Some have pretty nice parts spec'd on them. I don't think all the Technium frames were bad but why take a chance.

I stripped one for the parts on this '87 Blizzard. I just stripped another for a full XT parts group on the Moulden I'm building.


----------



## CS2 (Jul 24, 2007)

stan4bikes said:


> Some have pretty nice parts spec'd on them. I don't think all the Technium frames were bad but why take a chance.
> 
> I stripped one for the parts on this '87 Blizzard. I just stripped another for a full XT parts group on the Moulden I'm building.
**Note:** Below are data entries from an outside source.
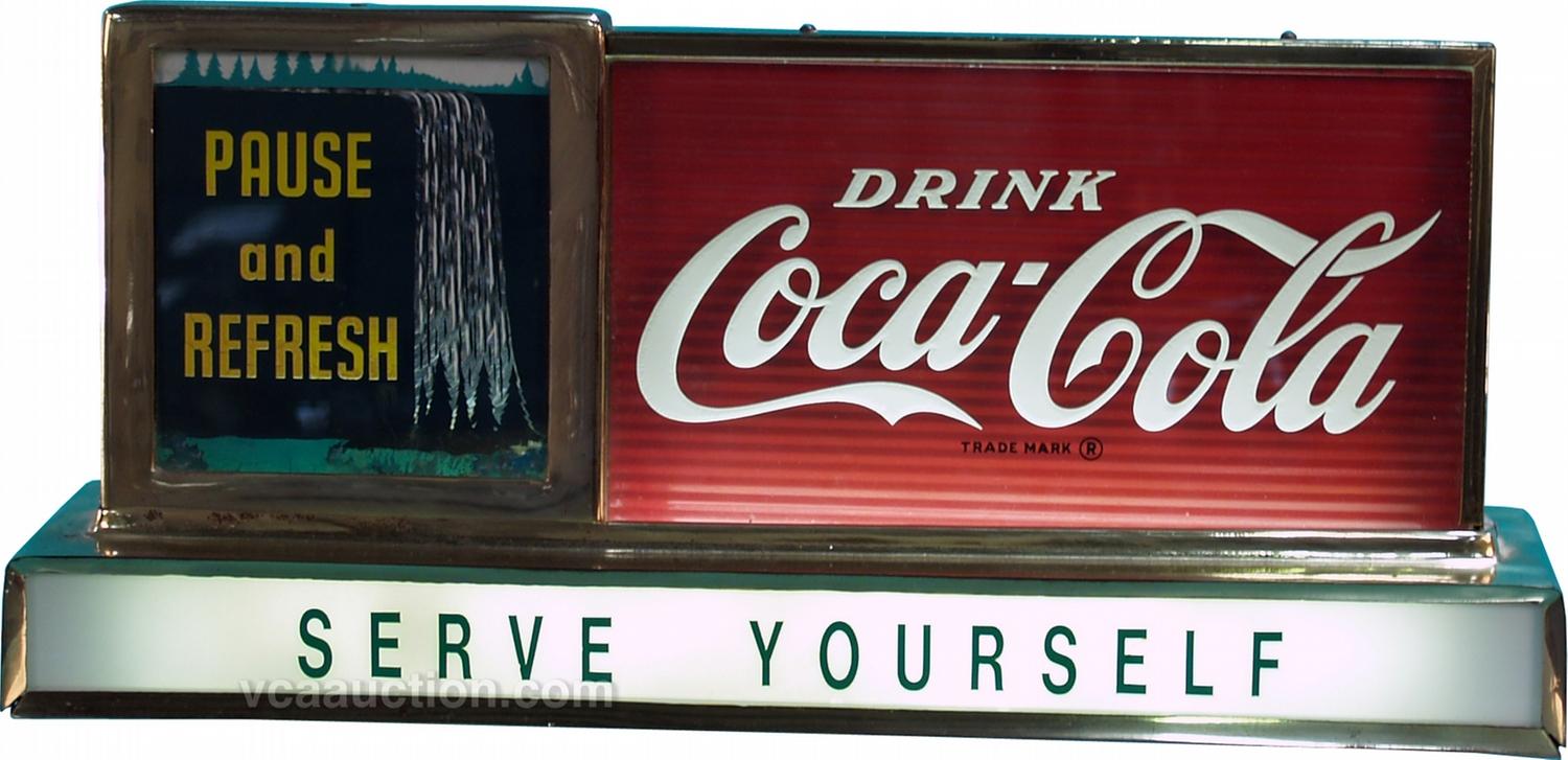 Drink Coca Cola Countertop Metal & Glass Light-Up Sign w/ running waterfall "Pause & Refresh - Serve Yourself", works, in great condition - 19" x 9"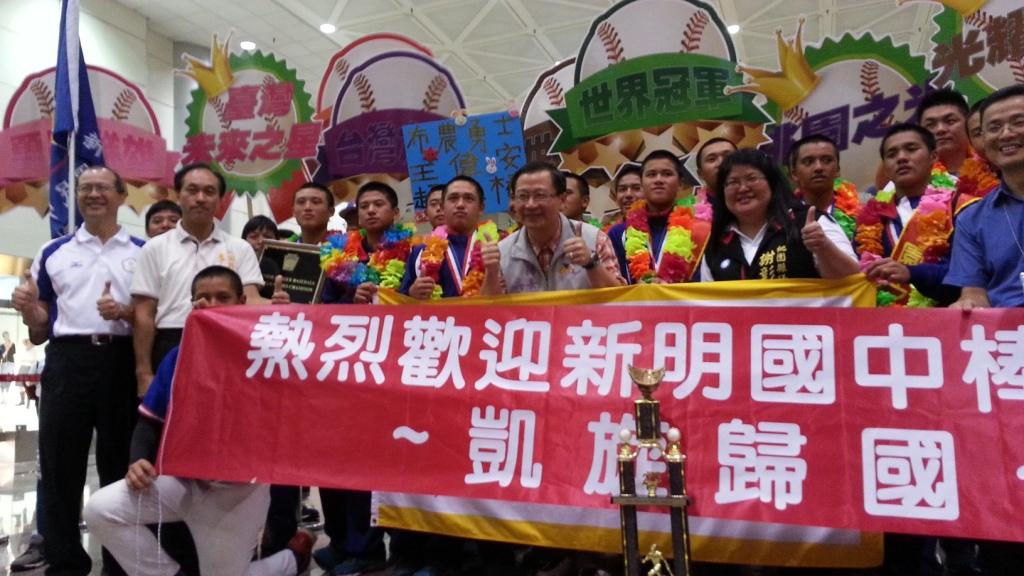 (與國手邱繼亮合照於桃園機場--2013世界青少棒賽冠軍返台)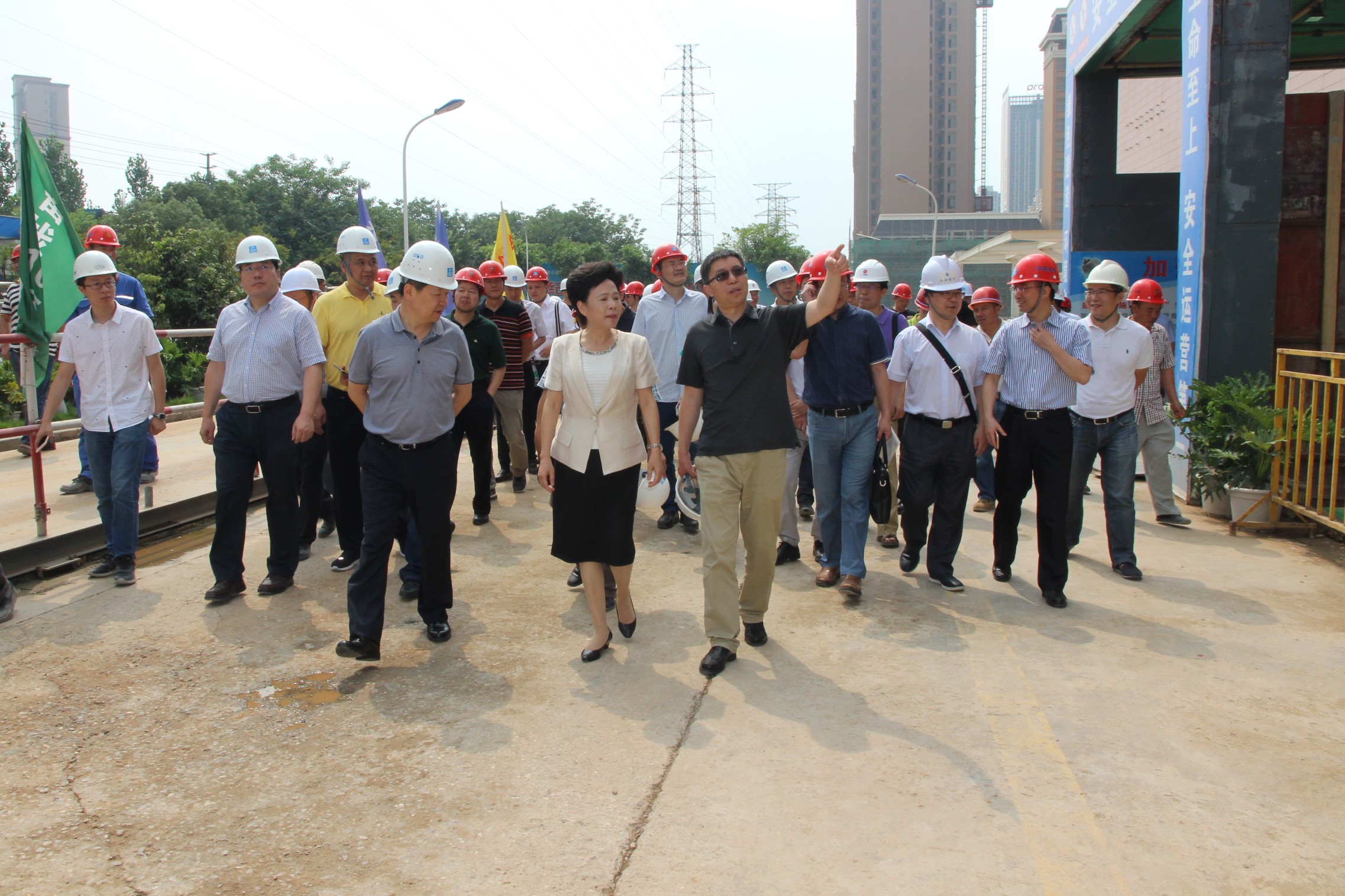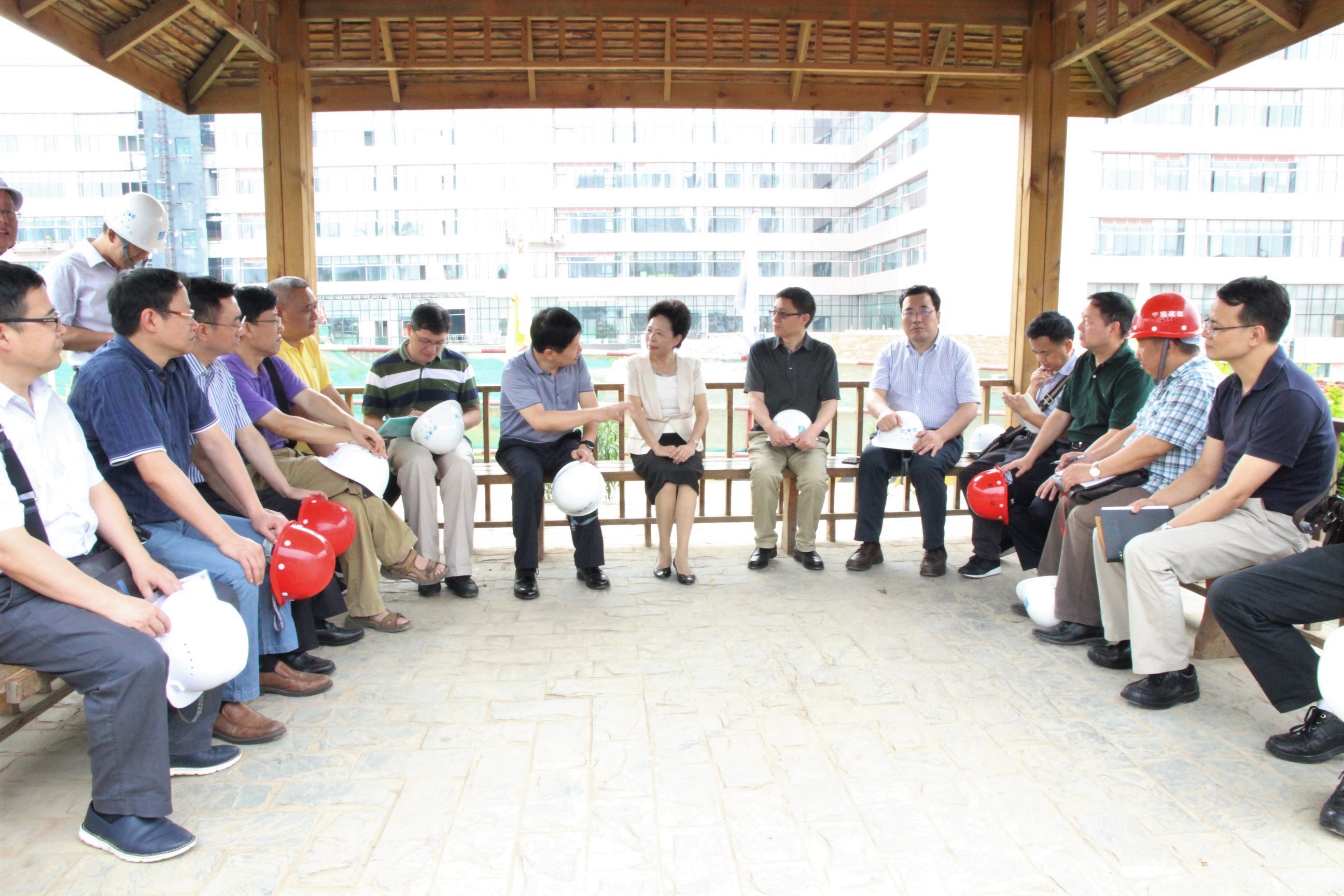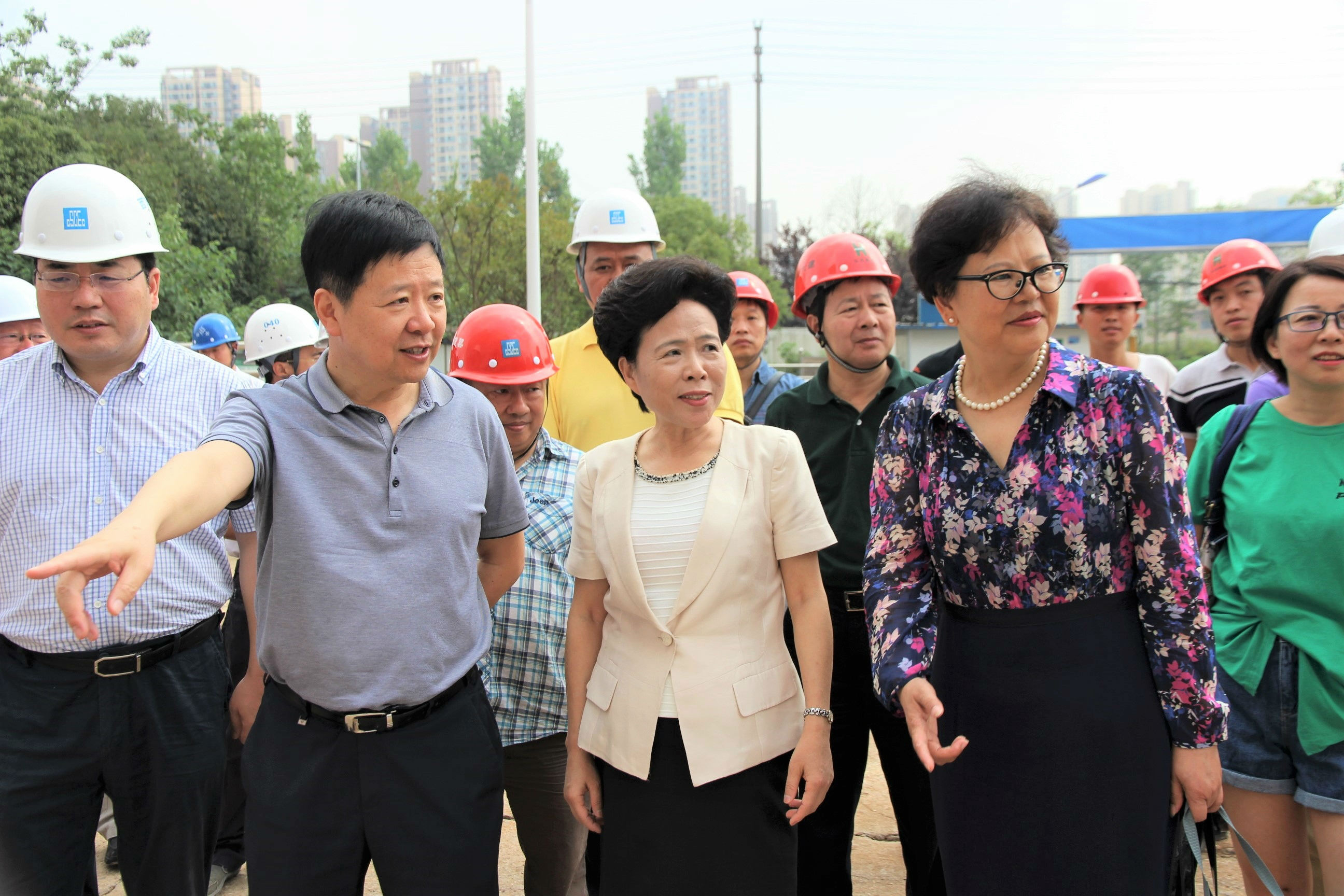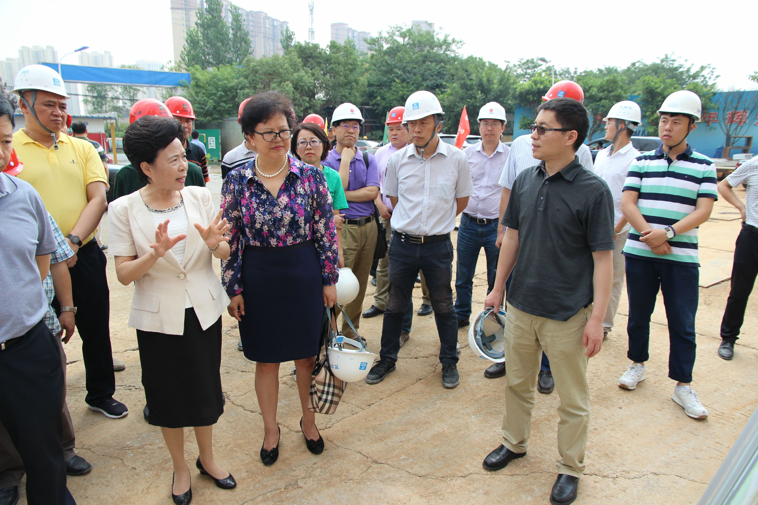 王晓东主席简要的向黄彦蓉副主任及各位领导介绍了我院锦江院区项目概要以及目前的建设情况。黄主任对现场的建设情况表示充分肯定,针对现场的具体情况,提出了“四个满意”:项目符合《中国妇女发展纲要(2011-2020年)》和《中国儿童发展纲要(2011-2020年)》,建设质量满意,建设进度满意,推进效果满意。紧接着对工程提出以下要求:大门一定要到做好,周边交通干道要尽快贯通,高压线绿化要做好,加快进度,确保如期就诊,确保天府杯,力争鲁班奖。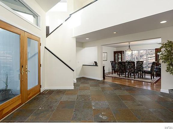 Random Farms - sought after neighborhood with pool, tennis, and clubhouse. High ceilings, lots of glass, exciting flow! State-of-the-art gourmet custom kitchen (2008) featured in Westchester Home and Cooking Light magazine with every high-end appliance and amenity. Open eat-in gourmet kitchen/family room, 1 fireplace with 2 hearths, scenic back drop of rock outcroppings, and large rear wrap-around, free form deck with hot tub. Architectural NanaWalls (folding glass walls) in kitchen and family room bring the outdoors in. Oversized master bedroom suite on separate level. Level land on side and in front. Rich O'Donnell, tax grievance consultant, has projected a 16% reduction in taxes based on the current listing price.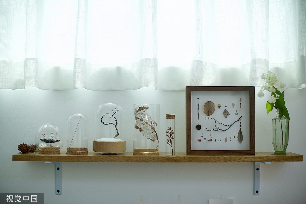 Ornaments made by plants and other materials are displayed in Hangzhou, East China's Zhejiang province, July 28, 2019. [Photo/VCG]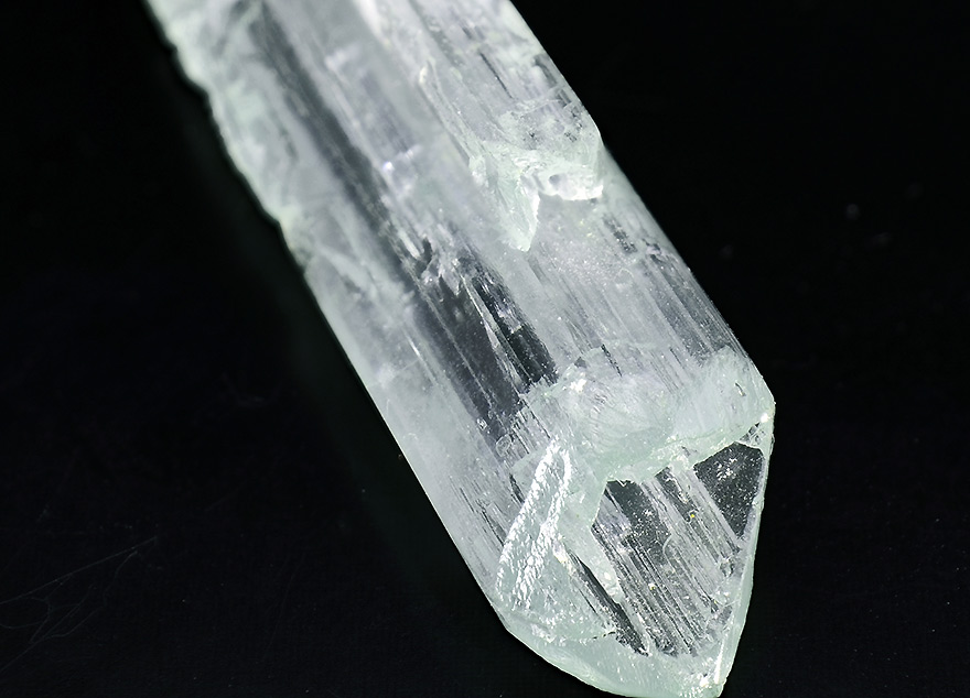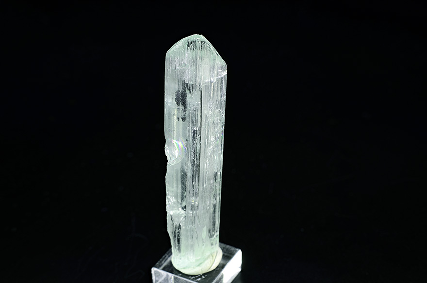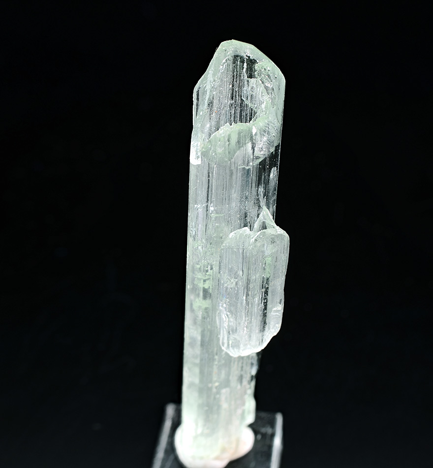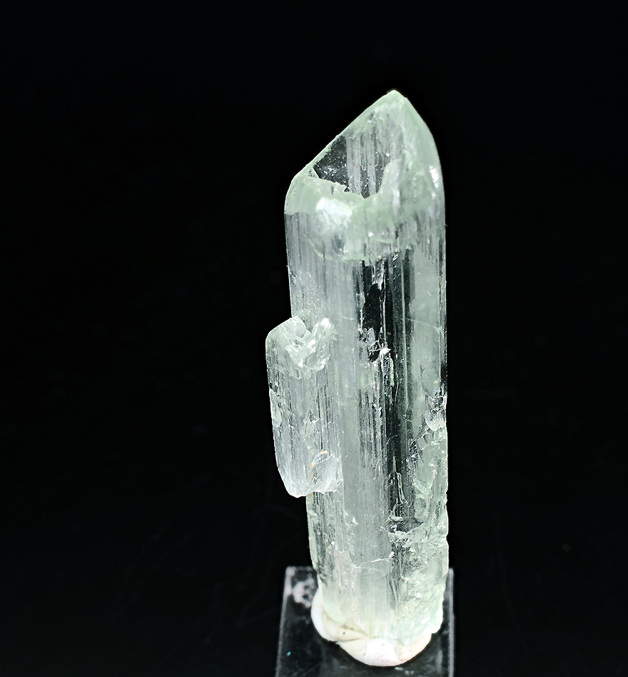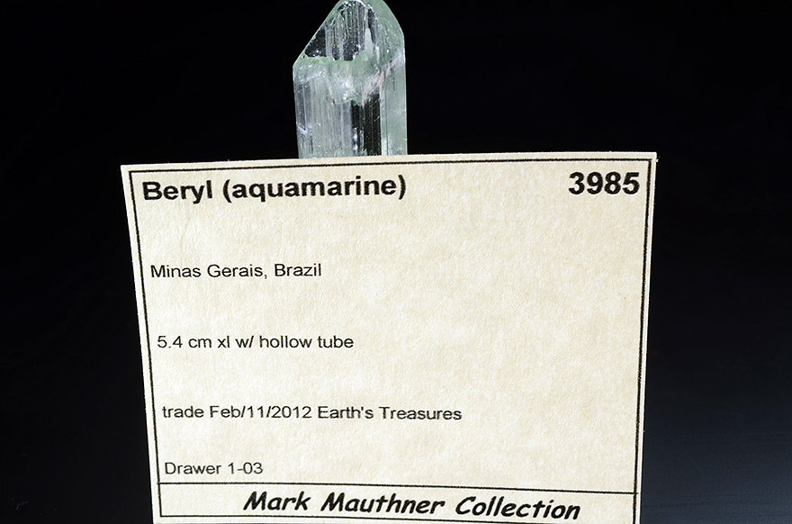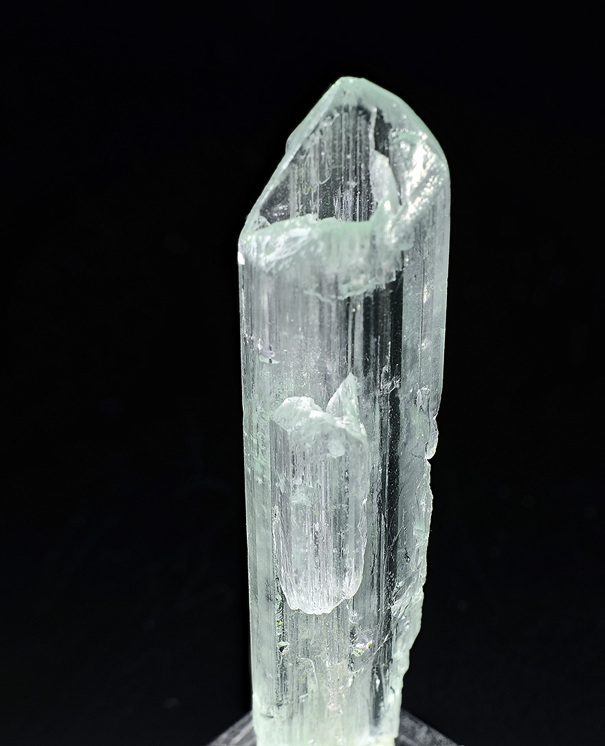 Well shaped Aquamarine xl 5,4 cm tall with rare hollow crystallisation on the top and over total lenght of the crystal. Showy.

I remember the pic you posted of the original Raleigh. I liked it a lot. Mine seems just a little too small for me.


----------



## vintagemtbr (Jun 6, 2004)

I used to own a Raleigh Heat just like yours back in 1990 and it looks like the same size too.Nice to see one again after all these years.


----------



## zushi_fisher (Aug 5, 2011)

*Raleigh Technium Chill MTB 1988*

My first MTB was Raleigh Technium Chill 1988. It was the first model of Chill , came with bent fork and rear U-Brake. The original Shimano Deore components were switched to the recent Deore. 23years past but still working as a commuter. I love it.


----------



## CS2 (Jul 24, 2007)

Here's an 89 I picked up for the group. First year for the straight fork and rear cantilevers. It was the last year for the whishbone rear. The bike is in such nice shape I can't bring myself to strip it. But I just picked up a 90 Stumpjumper frame and fork the other day. I'm thinking the Technium is going to finally give up it's parts.


----------



## old'skool (Jul 2, 2011)

This brings back memories. My 1st "real" MTB was a Raliegh Technium Chill. Under the chainstay U-brakes, T-Bone stem, thumb shifters, bent fork.....Paid 50 bux for it. Must have been about 1990.


----------